Saturday, July 7, 2012

In a response to Education Week's article about expansion of charter schools below is a spot on assessment as far as I'm concerned. The title of the news article is Published Online: July 5, 2012

Prominent Charter Networks Eye Fresh Territory


This is the comment:
"Some teachers and administrators in charter schools may be doing great things (and some are doing terrible things), but scaling up the number of charters has broad ramifications, including the de-stabilization and possible destruction of American public education. 
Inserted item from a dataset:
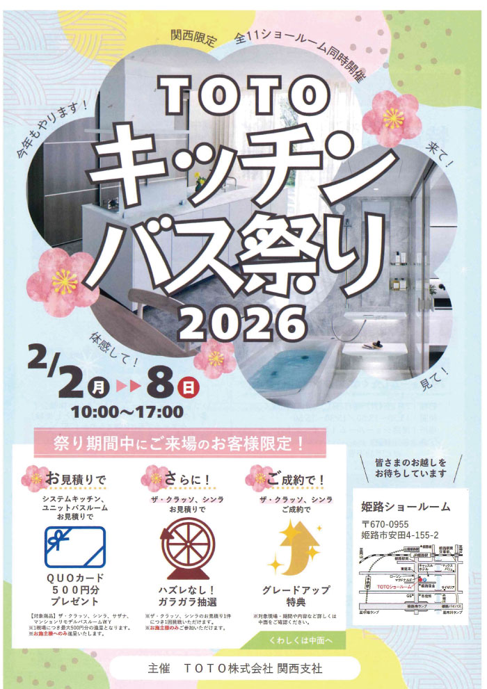 2026年1月14日 / 最終更新日時 : 2026年1月14日 sugahara9069 予約受付中TOTO キッチン・バス 祭り開催!予約受付中!2026年 2月2日(月)~8日(日)までTOTO姫路ショールームにて開催!!お気軽にスタッフまでお問い合わせください!TEL:0120-460-750この機会にぜひご検討ください!FacebookXBlueskyCopyコメントを残す コメントをキャンセルメールアドレスが公開されることはありません。 ※ が付いている欄は必須項目ですコメント ※名前 ※ メール ※ サイト 上に表示された文字を入力してください。 Δ

There are numerous ways in which the high-intensity charter schools that serve low-income students have wound up with a more select group of students than that served by public schools serving roughly the same population:

1) Fewer students with disabilities 
2) Fewer students with serious disabilities
3) Fewer students with serious behavior problems
4) Students come from the more motivated/better-resource families among the overall low-income population--parents with the wherewithal to find out about the new school and the motivation and resources to put in an application for their child.
5) The high-intensity curriculum weeds out weaker students--they either self-select out or, in some cases, are pushed out.
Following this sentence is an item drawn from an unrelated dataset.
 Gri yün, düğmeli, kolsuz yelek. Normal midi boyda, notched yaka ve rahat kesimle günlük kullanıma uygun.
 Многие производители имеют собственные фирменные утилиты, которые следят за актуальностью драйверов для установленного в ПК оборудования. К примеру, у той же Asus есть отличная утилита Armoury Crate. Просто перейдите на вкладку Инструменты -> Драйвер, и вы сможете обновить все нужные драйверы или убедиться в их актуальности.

Some of the charter chains have received massive financial support from private philanthropists. 

A 2010 article noted that nonprofit networks of charter operators such as Uncommon, KIPP and Aspire Public Schools — "have created only about 350 [schools] in the past decade, and required $500 million in philanthropic support." Some KIPP schools spend 50% more per pupil than comparable public schools.

With better resources and a more selective student body, it is no surprise that many charters boast better test scores. (Of course, many charters are at the bottom of the barrel in test scores, and scandals have plagued the for-profit charter world) 

However, as the charters expand, private support will be spread more thinly and the student body served will become less and less selective.

Given that average charters currently do no better than average public schools on test scores, it's reasonable to predict that simply expanding the number of charters will lead to a situation in which the average charter does noticeably worse than the average public school. 

Given that public school teachers are generally paid better and have more job security than teachers at charter schools, an expansion of charters also means a further weakening of the middle class.

Individual charters here and there may be important laboratories for innovation, but when you look at the big picture, any dramatic expansion of charters probably weakens education and America. 

I ate my first McDonald's French fry in the 1960s. If even McDonald's can't consistently deliver hot crispy fries after all these decades, I can't imagine why anyone would think that market-based approaches would consistently deliver excellence in education, which is vastly more complex and filled with uncertainties."